Data excerpts:
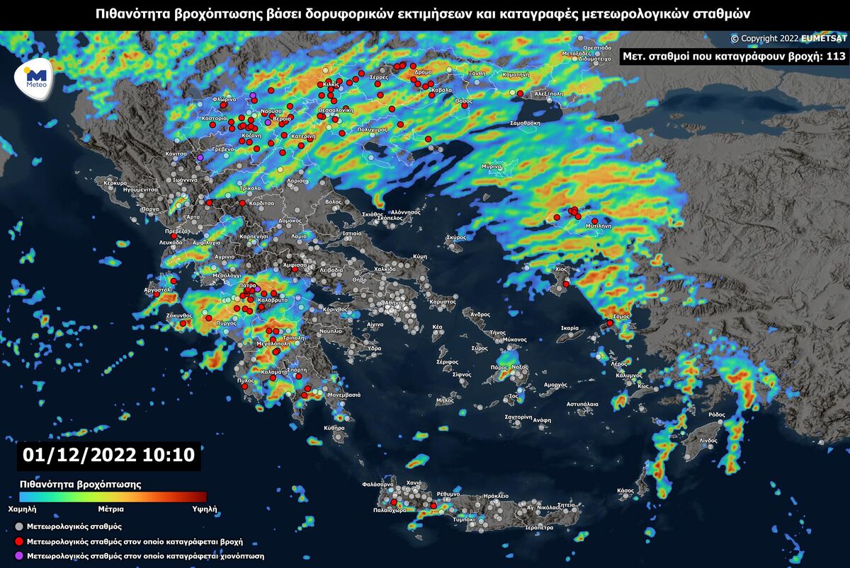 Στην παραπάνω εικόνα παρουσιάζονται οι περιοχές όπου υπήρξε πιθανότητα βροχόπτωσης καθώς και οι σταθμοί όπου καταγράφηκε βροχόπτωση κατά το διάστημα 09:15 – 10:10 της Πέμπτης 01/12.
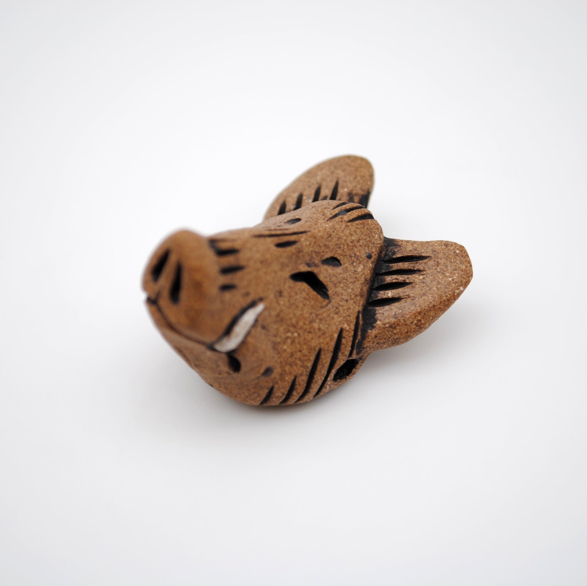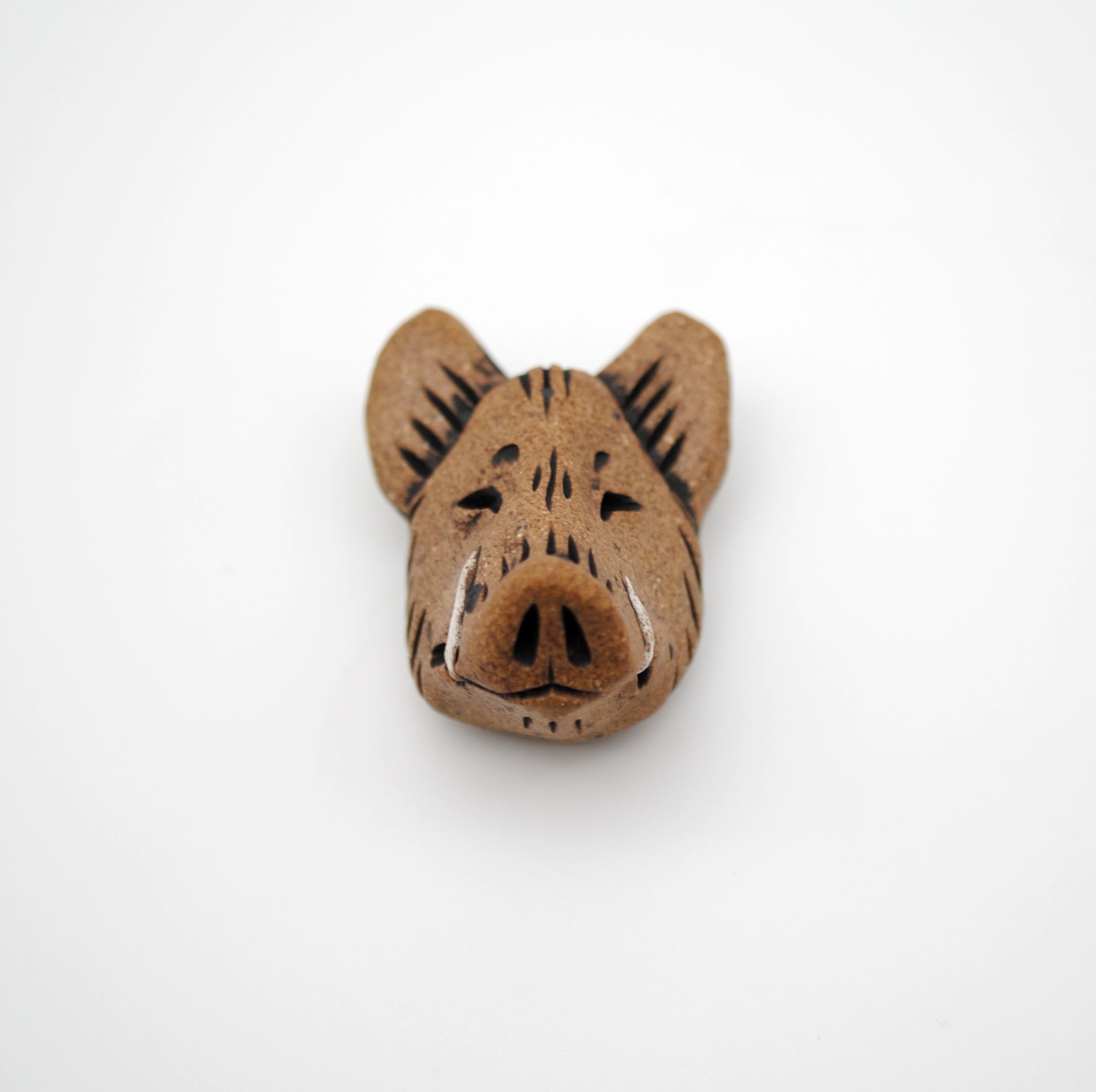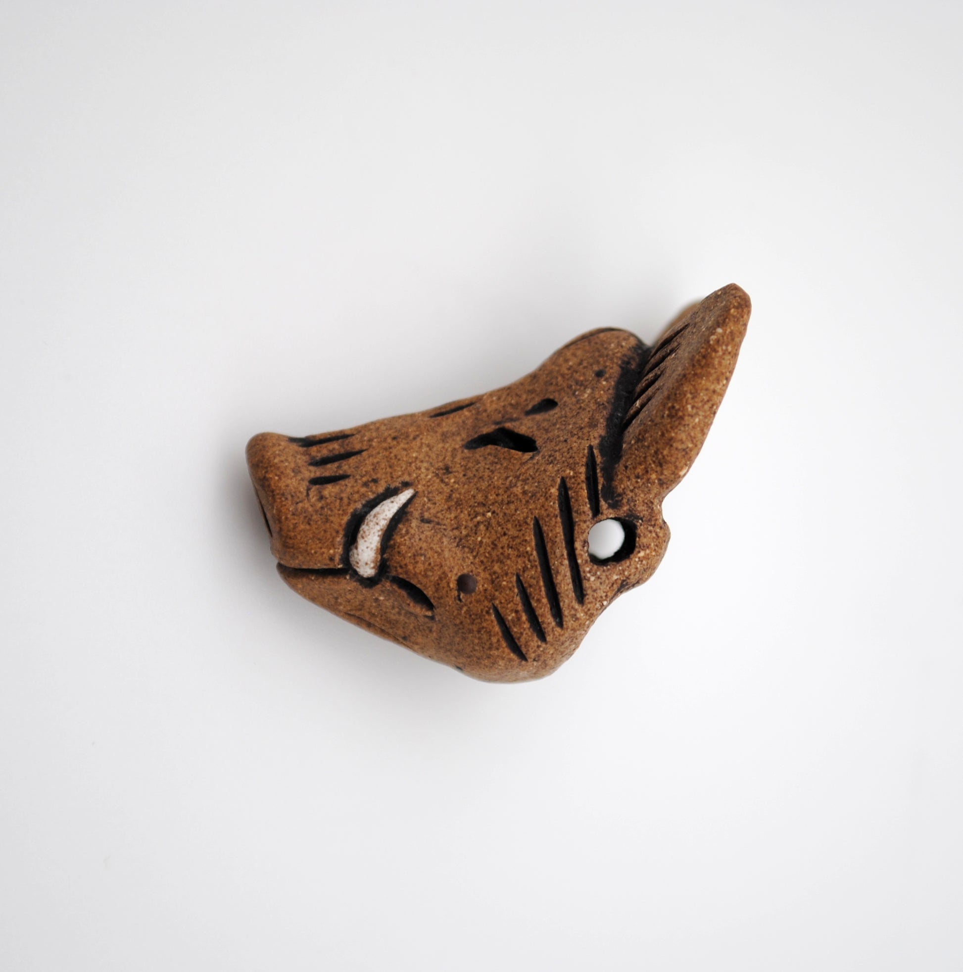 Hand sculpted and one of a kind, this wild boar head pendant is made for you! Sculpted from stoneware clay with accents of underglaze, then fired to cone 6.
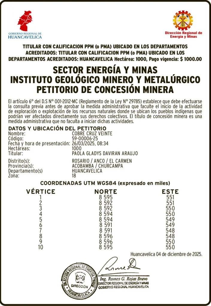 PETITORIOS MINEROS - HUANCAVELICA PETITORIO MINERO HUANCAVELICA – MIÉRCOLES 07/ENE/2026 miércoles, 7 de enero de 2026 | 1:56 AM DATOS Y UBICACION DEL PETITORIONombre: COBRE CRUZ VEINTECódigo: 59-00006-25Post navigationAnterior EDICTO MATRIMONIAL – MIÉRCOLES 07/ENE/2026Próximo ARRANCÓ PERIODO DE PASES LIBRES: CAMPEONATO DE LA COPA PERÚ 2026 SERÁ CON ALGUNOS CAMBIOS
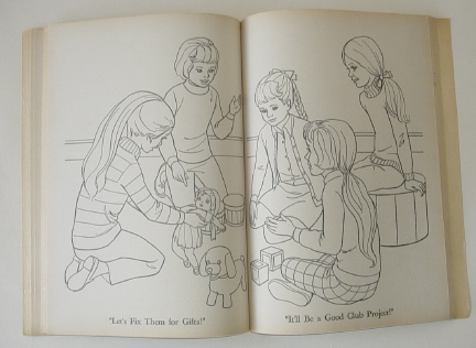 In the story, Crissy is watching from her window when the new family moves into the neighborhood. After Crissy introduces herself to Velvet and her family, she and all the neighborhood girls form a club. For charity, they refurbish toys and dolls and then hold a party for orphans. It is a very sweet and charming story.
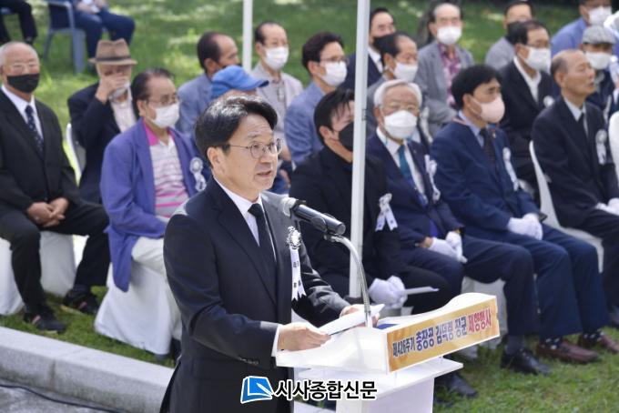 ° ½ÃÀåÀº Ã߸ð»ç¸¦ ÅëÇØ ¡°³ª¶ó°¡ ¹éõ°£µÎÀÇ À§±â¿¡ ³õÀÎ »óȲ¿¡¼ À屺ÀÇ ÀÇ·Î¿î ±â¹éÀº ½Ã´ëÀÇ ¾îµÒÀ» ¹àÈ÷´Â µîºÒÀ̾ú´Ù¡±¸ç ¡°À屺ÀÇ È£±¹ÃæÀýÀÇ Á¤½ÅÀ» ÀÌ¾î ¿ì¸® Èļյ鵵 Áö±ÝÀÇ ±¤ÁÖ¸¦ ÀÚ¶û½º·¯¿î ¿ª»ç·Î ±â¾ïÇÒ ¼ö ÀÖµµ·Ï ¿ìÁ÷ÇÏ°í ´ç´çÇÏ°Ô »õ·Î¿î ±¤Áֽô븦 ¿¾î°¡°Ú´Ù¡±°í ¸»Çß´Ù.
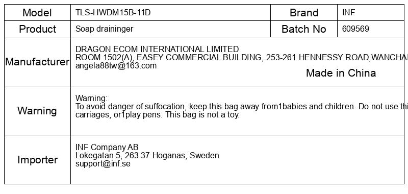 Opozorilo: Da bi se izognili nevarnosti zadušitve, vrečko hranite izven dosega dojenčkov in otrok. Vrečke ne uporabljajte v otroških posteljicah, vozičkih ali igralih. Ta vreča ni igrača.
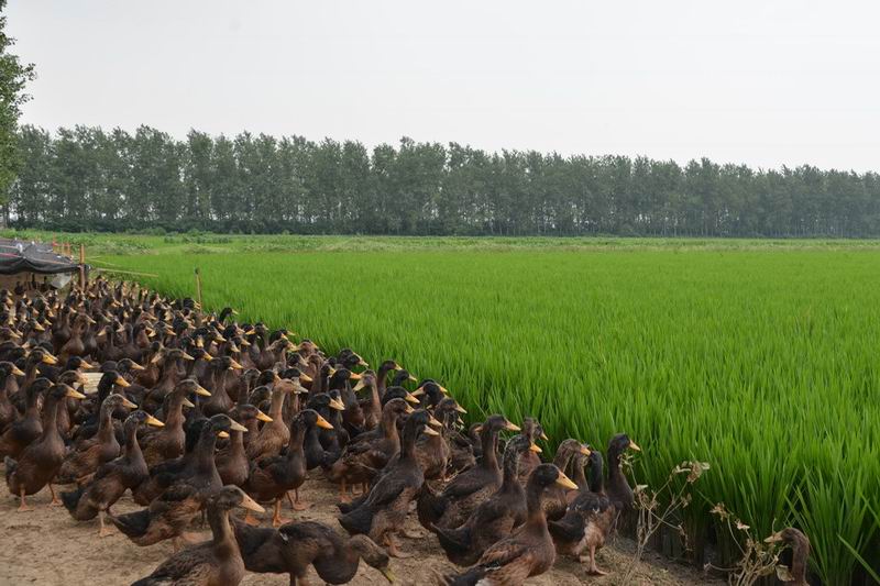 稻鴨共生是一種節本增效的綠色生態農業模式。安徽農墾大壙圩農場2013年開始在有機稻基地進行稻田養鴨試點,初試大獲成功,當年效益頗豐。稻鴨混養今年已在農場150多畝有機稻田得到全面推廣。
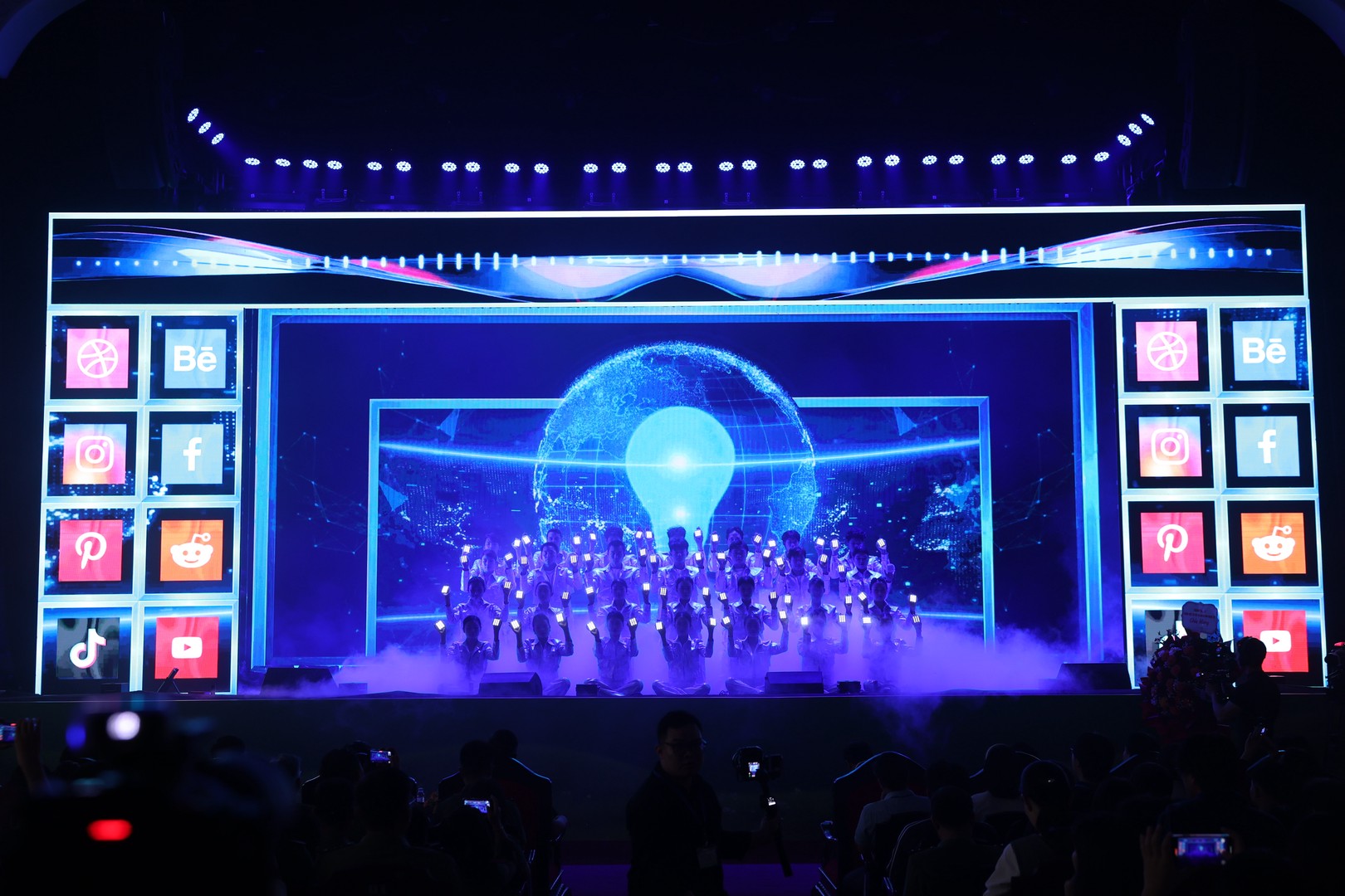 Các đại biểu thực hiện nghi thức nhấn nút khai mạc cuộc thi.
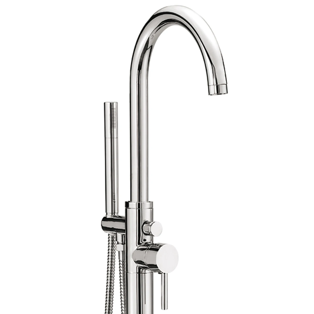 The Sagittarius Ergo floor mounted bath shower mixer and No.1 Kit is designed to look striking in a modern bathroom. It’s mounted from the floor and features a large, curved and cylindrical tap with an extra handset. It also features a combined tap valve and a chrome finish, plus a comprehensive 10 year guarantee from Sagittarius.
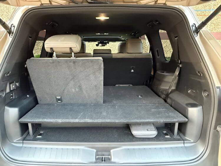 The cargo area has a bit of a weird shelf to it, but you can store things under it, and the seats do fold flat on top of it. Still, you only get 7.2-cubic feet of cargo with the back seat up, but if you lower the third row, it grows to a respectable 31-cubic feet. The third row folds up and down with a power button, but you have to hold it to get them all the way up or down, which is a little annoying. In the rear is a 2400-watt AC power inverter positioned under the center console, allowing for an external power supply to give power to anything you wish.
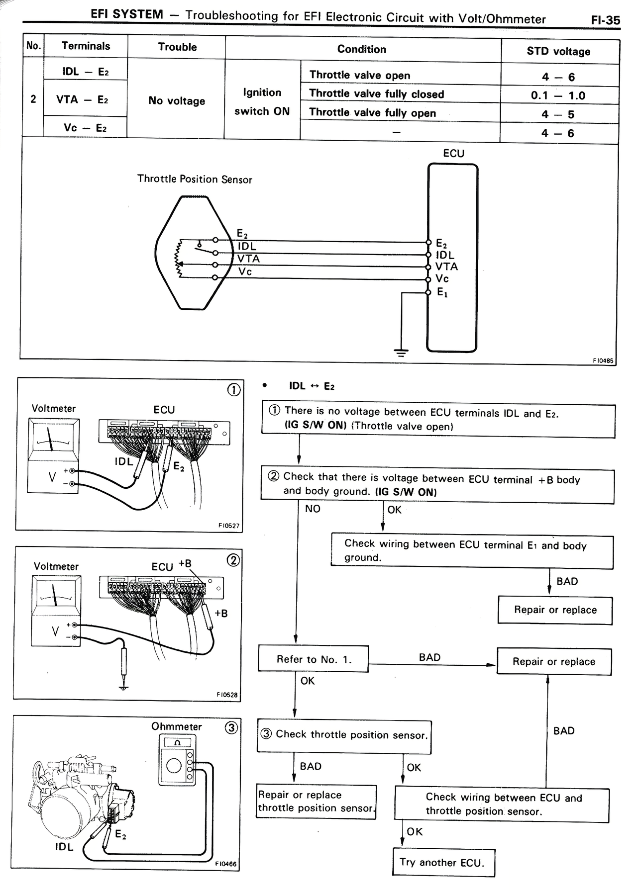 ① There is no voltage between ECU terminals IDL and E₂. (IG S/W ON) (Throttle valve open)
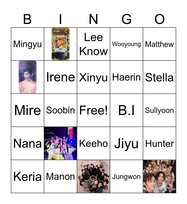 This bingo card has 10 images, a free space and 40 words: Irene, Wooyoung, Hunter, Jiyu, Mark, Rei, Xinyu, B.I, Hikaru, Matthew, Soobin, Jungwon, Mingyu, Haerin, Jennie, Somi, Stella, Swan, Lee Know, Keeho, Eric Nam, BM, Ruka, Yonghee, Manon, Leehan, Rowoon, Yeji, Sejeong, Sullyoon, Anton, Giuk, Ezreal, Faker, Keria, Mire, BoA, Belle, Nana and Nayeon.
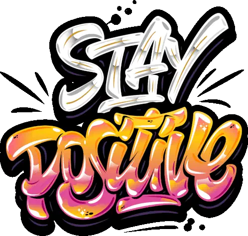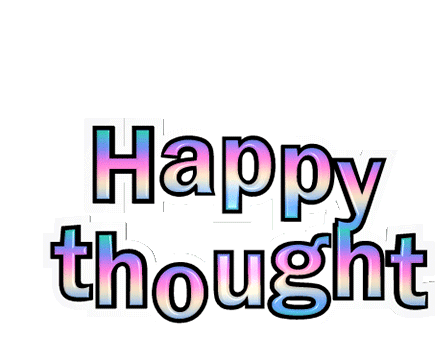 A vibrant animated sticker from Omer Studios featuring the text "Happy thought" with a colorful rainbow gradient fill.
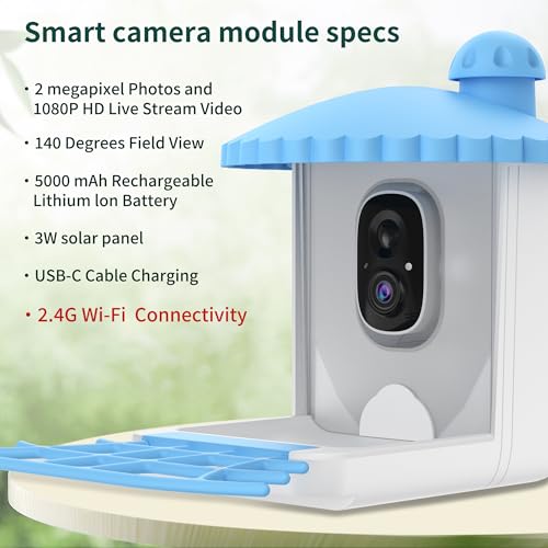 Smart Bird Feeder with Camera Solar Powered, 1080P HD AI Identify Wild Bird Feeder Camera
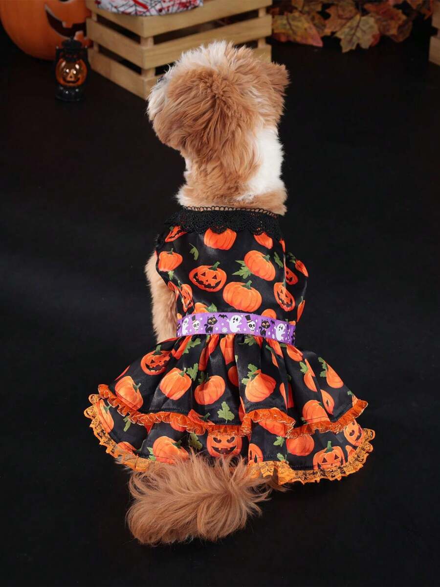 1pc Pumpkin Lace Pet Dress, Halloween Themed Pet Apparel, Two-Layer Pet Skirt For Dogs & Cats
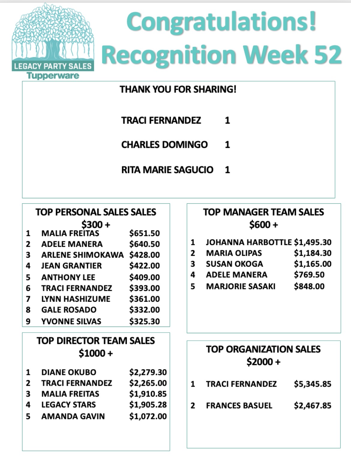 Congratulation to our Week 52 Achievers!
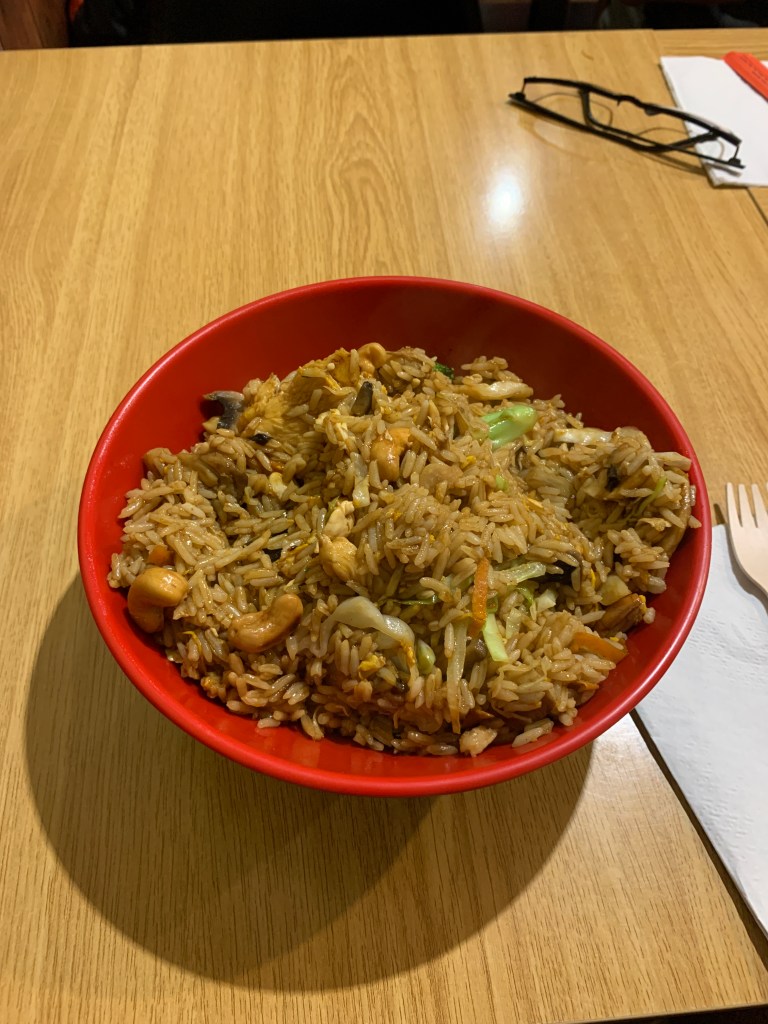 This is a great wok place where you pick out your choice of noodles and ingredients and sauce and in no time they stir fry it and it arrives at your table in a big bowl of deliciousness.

What the exercise asks:
Your task is to copy word for word the lines from the line containing "1pc Pumpkin Lace" to the end of the listing, both included, and to drop any pictures.

Task solution:
 1pc Pumpkin Lace Pet Dress, Halloween Themed Pet Apparel, Two-Layer Pet Skirt For Dogs & Cats
 Congratulation to our Week 52 Achievers!
 This is a great wok place where you pick out your choice of noodles and ingredients and sauce and in no time they stir fry it and it arrives at your table in a big bowl of deliciousness.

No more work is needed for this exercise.